Spotlight Poster
A Generalization Theory for Zero-Shot Prediction
Ronak Mehta · Zaid Harchaoui
West Exhibition Hall B2-B3 #W-905
Wed 16 Jul 10 a.m. PDT — 11 a.m. PDT
A modern paradigm for generalization in machine learning and AI consists of pre-training a task-agnostic foundation model, generally obtained using self-supervised and multimodal contrastive learning. The resulting representations can be used for prediction on a downstream task for which no labeled data is available. We present a theoretical framework to better understand this approach, called zero-shot prediction. We identify the target quantities that zero-shot prediction aims to learn, or learns in passing, and the key conditional independence relationships that enable its generalization ability.

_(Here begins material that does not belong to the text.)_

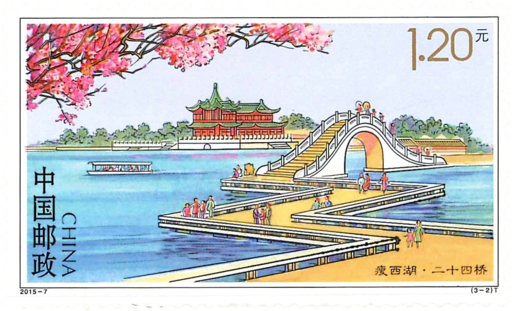 《瘦西湖》邮票采用了新中国第一代邮票设计家孙传哲生前的创作作品,以工笔勾线的画法,展现了五亭桥、白塔、二十四桥等标志性景点,画面精巧别致,意境广阔。

Traditional machine learning approaches rely on creating models that adhere to a set of input-output examples. For data-scarce applications such as classifying medical images, there may not be enough such examples to produce a performant classifier. Zero-shot prediction is a method in which models that were trained for complex tasks can be combined and reused to create classifiers for certain applications, without the need for any additional labeled training examples. This modern, remarkable technique does not have the same level of mathematical understanding that the classical approach outlined above. We aim to address this gap by providing a theoretical model for zero-shot prediction in which the qualities of the data and task that make this method succeed and fail can be expressed and analyzed mathematically.